Cornelia turned back to look into the room again and make sure he was not there, and she saw Carey’s new panama hat hanging on the hook back by the staircase where he had put it when he came in from afternoon service. She drew a breath of relief, and called, in a lull of the music, “Louie, where is Carey?”
The little girl turned and looked wonderingly at her sister’s anxious face.
“Why, he was here just a minute ago, Nellie; what’s the matter? I think he went out the front door.”

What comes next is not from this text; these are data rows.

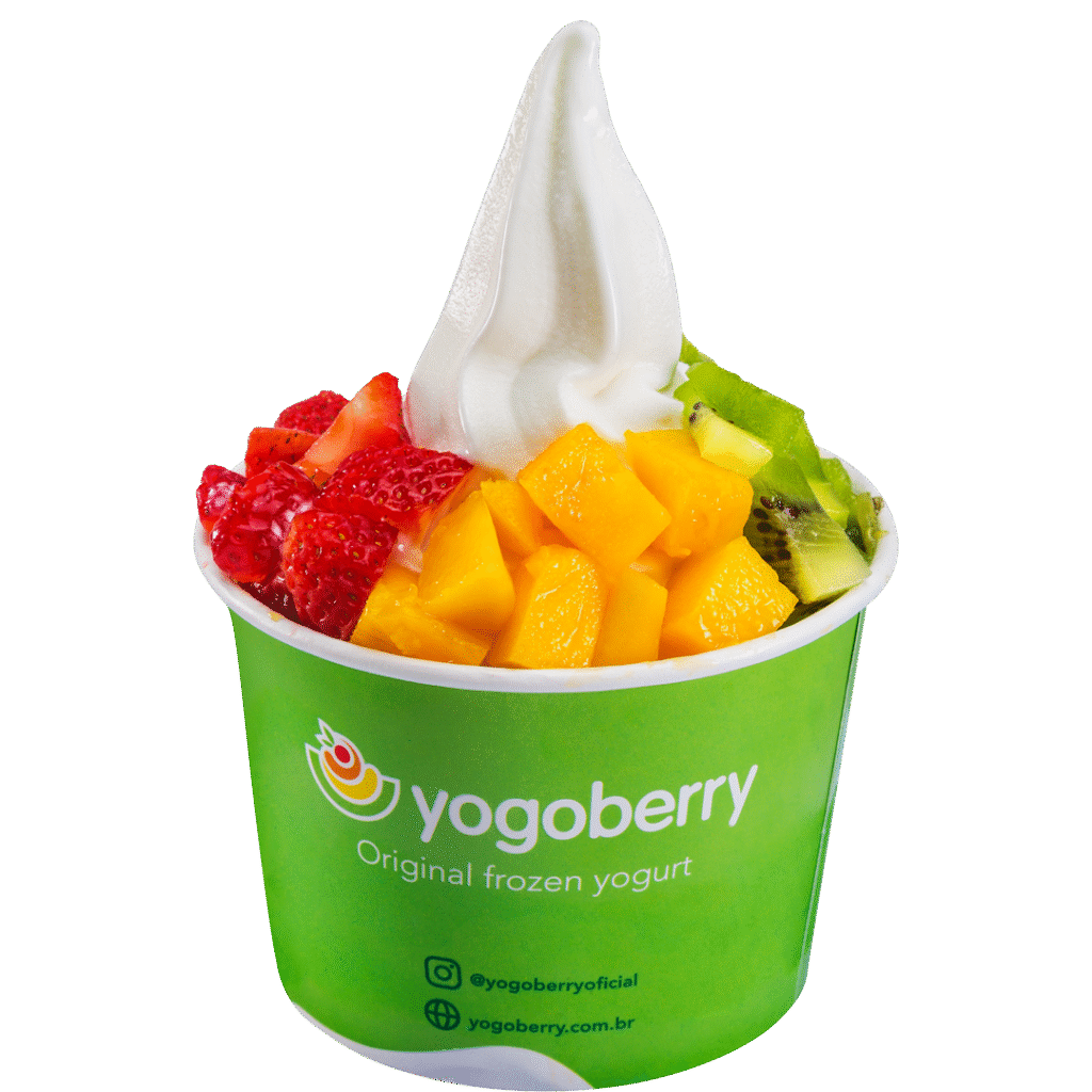 Frutas frescas servidas com frozen yogurt ou yocream (consulte a disponibilidade na loja) fica maravilhoso. Experimente também a versão com calda de brigadeiro, é delicioso.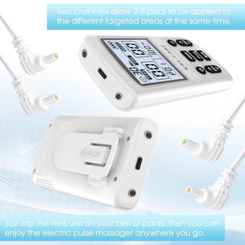 DUAL CHANNEL WITH TIME CONTROL – This device features A/B channels to target two body areas at simultaneously. Equipped with 8 electrode pads, it provides customizable pain relief for neck, back, shoulders, and more. You can operate it with different intensity settings for each channel. With portable size, it can be used in the office, car or travel on the go.Total body relaxation: use for back, knee, shoulder, ankles, wrist and elbow and make this the most powerful weapon for your body relax.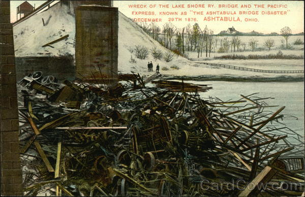 Front: WRECK OF THE LAKE SHORE RY. BRIDGE AND THE PACIFIC EXPRESS, KNOWN AS THE ASHTABULA BRIDGE DISASTER DECEMBER 29 TH 1876. ASHTABULA, OHIO. Back: Jonnd. Lee, Publisher, Ashrapa harbor, Unio. For Correspondence. TWO CENTS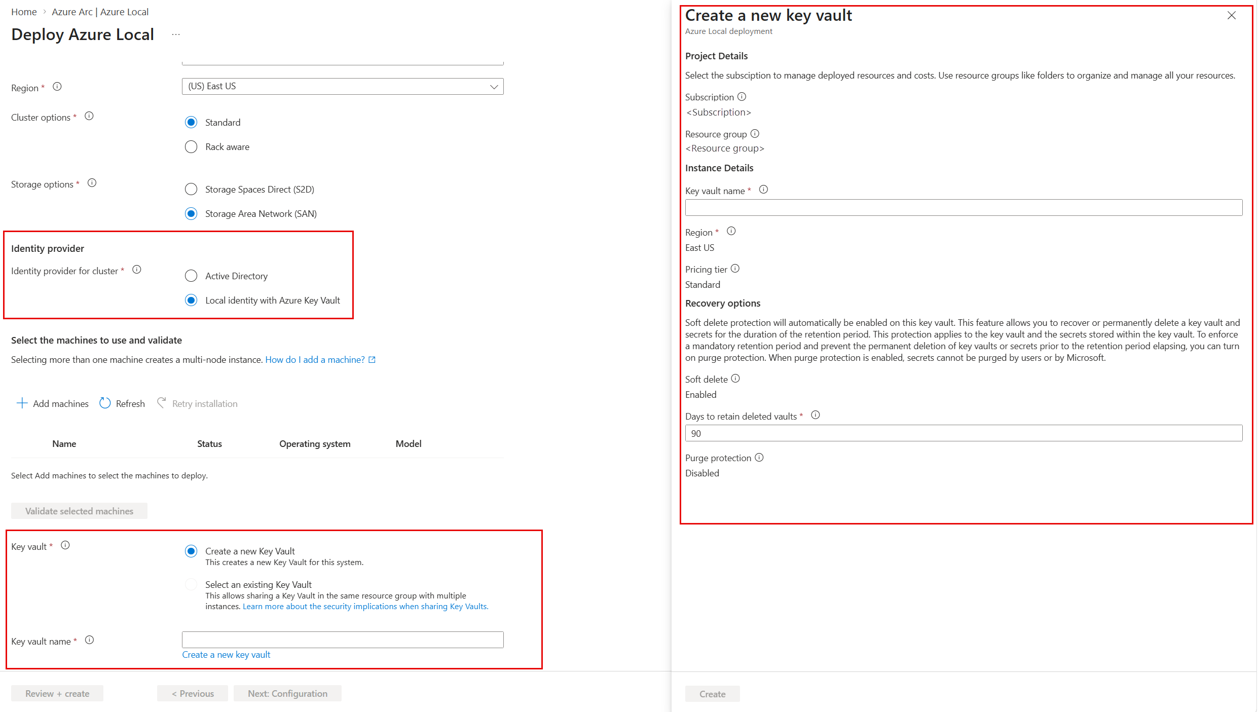 In addition to Active Directory (AD) based deployment, Azure Local supports deployment through local identity with Azure Key Vault, previously known as AD-less deployment.

He was gone! Cornelia knew it, and her heart sank with a horrible sickening thud. She went back to the door, and looked down the street and then up the hill, where the car was a mere black speck in the distance. Her heart was beating so that it seemed the children must hear it. She tried to think, but all that came was a wild jumble of ideas. The meeting that night! Carey had a short solo in the anthem! Suppose he shouldn’t get back! What should she say to Grace? How could his absence possibly be explained? He couldn’t—he wouldn’t do a thing like that, would he? He had gone without his hat; perhaps he expected to return immediately. She was foolish to get so frightened. Carey had been doing so wonderfully all day. He certainly had sense enough not to make a fool of himself now.
But her heart would not be quieted, and she trembled in every fibre. She hurried down the steps and to the sidewalk looking up the hill where the car had just disappeared, and her hand pressed against her heart to steady its fluttering. She did not see Maxwell’s car drive up until it stopped; and, when she looked at him, a new fear seized her. Maxwell must not know that she was afraid about that girl. He had gone to a lot of trouble for Carey, and he would not like it. It might lose Carey the position. She tried to command a smile, but the white face she turned toward him belied it.
“Is anything the matter?” he asked, stopping his car and jumping out beside her. Then he stooped, and picked up something from the pavement at her feet.
“Is this yours? Did you drop it?”
She looked down, took the bit of paper, and her face grew whiter still as she caught the words, “Dear Carey.” It must be the note the boy had brought, and suddenly she knew who that boy had been. It was Clytie Dodd’s brother!
CHAPTER XXVII
For a second everything swam before her eyes, and it seemed as though she could not stand up. Maxwell put out his hand in alarm to steady her.